For patient, savvy investors looking for long term gains, Caterpillar (NYSE: CAT) is a very appealing stock for a variety of factors.
Caterpillar, a member of the Dow Jones Industrial Average (NYSE: DIA), is the world’s largest heavy equipment maker.
It is also a very volatile stock. The beta for Caterpillar is 1.65. That means that the share price for Caterpillar moves up and down nearly two-thirds as much as the stock market as a whole. There is nothing wrong with that: for investors, there is much to like about it, as a matter of fact.
Investors who wait patiently can pick up shares when it is on a temporary downswing.
There is no way to know if it will come back up, however. But Caterpillar is a great company. That is why it is a member of the Dow Jones Industrial Average. So investors should develop a measure to utilize as to when to buy stock in Caterpillar, or other volatile blue chips.
The dividend yield is a useful standard for this.
When a stock price falls, the dividend yield rises. At present, the dividend yield for Caterpillar is about 3 percent. That is around 50 percent higher than the average dividend yield for a member of the Standard & Poo’s 500 Index (NYSE: SPY). That good be a good target dividend yield for some investors. Others will obviously want a different dividend yield: that is all a matter of personal choice by an individual investor.

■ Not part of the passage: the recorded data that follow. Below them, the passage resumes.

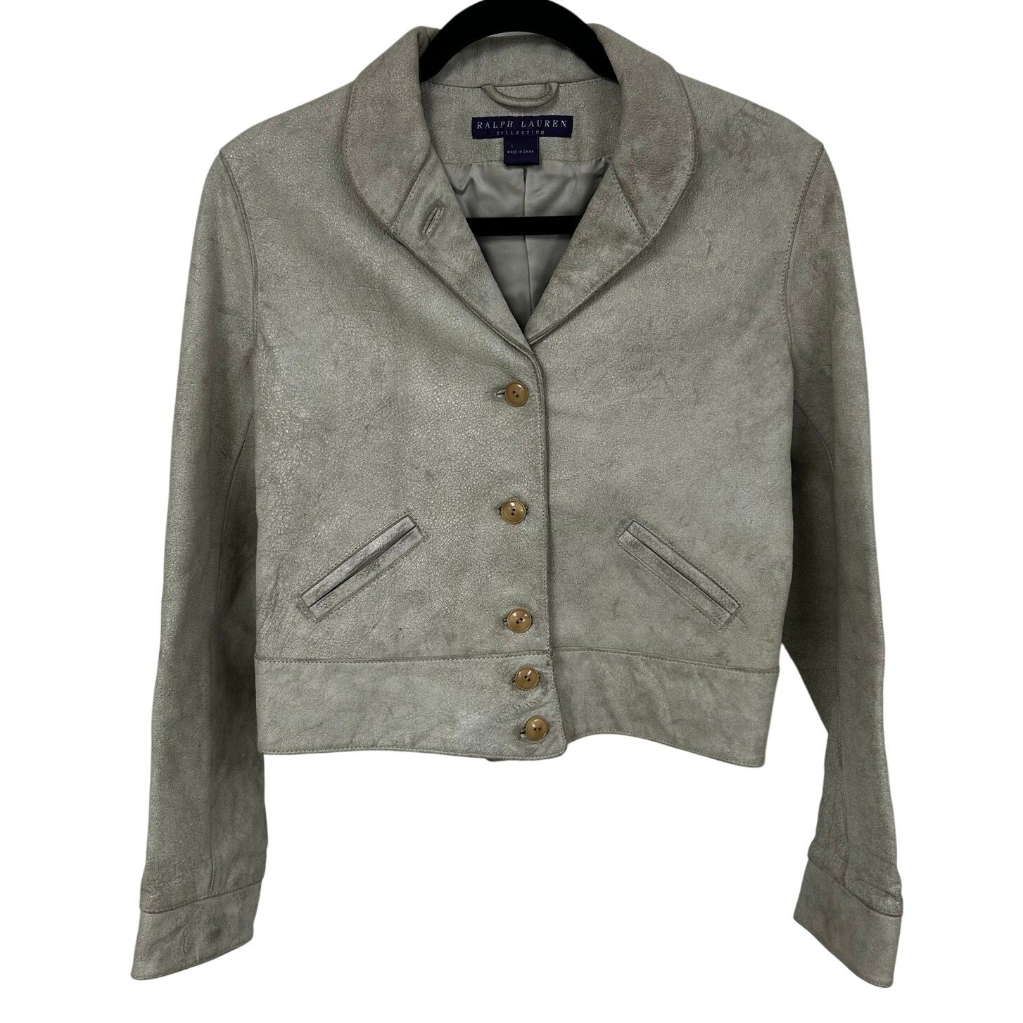 Ralph Lauren Collection Purple Label Cream Distressed Leather Jacket Womens 10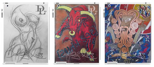 Print of painting or sketch, DL logo and the Demetrios Lois signature.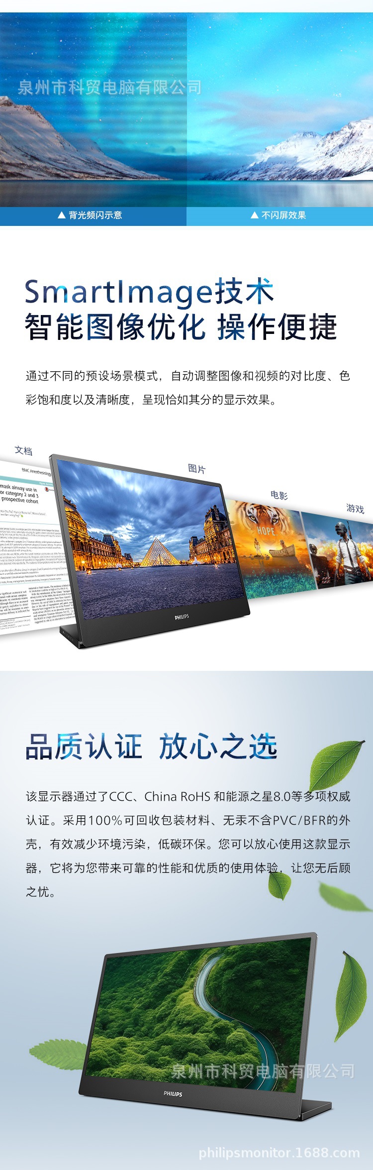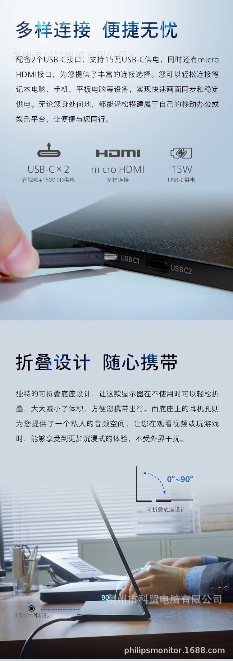 필립스 15.6인치 휴대용 모니터 5mm 타입-C 눈 보호 HDR 100% off 스택형 벽걸이형 16B1P3320스토어 가기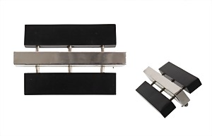 brooch, "C. DIOR", white metal, signed Chr. Dior 1970 Germany, black plastic cuboid, c. 59.2 x 38.1 x 13.0 mm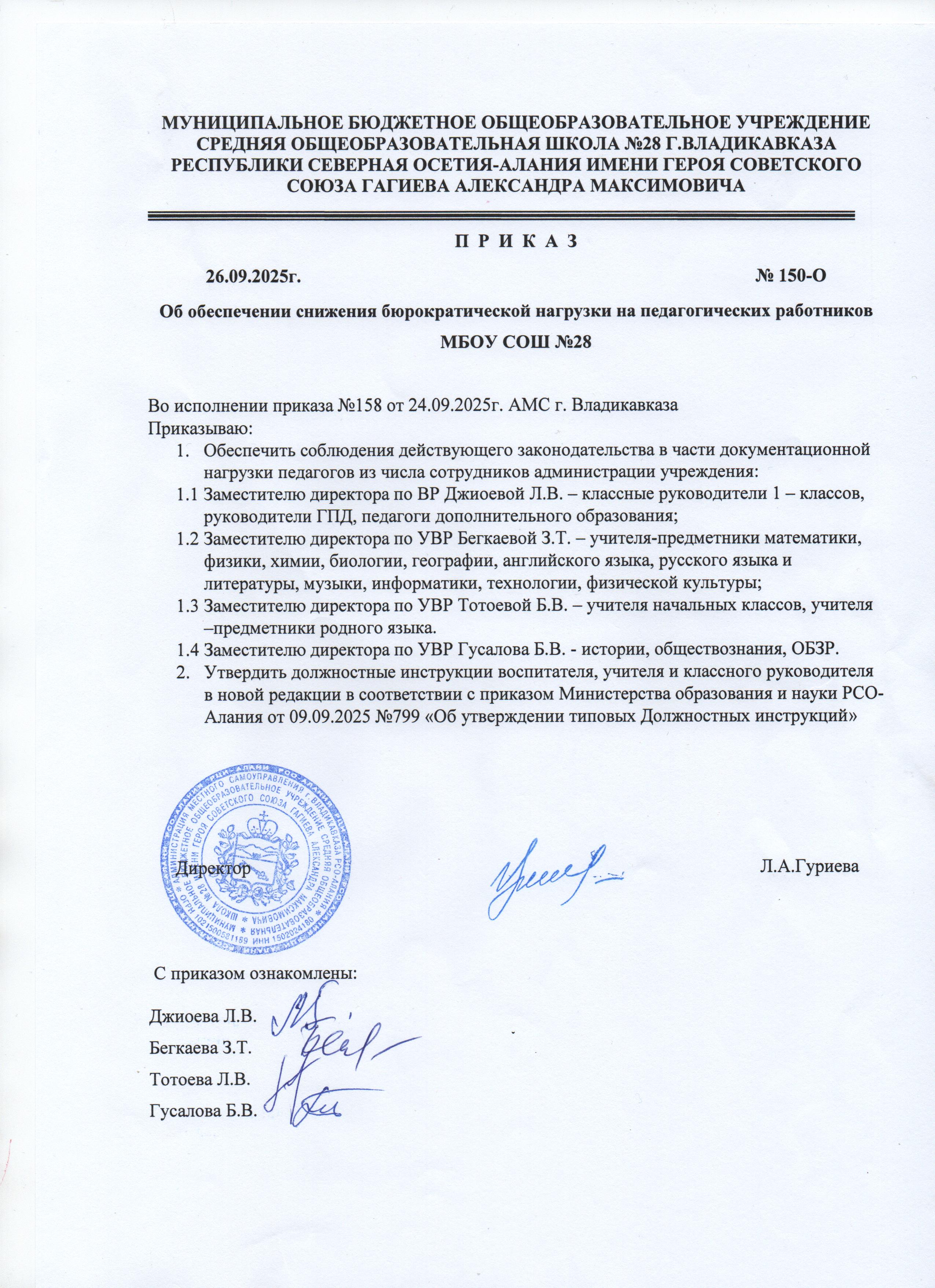 Приказ об обеспечении снижения бюракратической нагрузки на педагогических работников

There is certainly ample movement in the stock price of Caterpillar, to be sure. Overall, Caterpillar is up nearly 6 percent for 2014 (chart below). But it is off for the last month, quarter, and six months of market action. That provides investors with the chance to buy when the stock price is low and the dividend yield is high, leading to rewarding total returns for Caterpillar over the long term.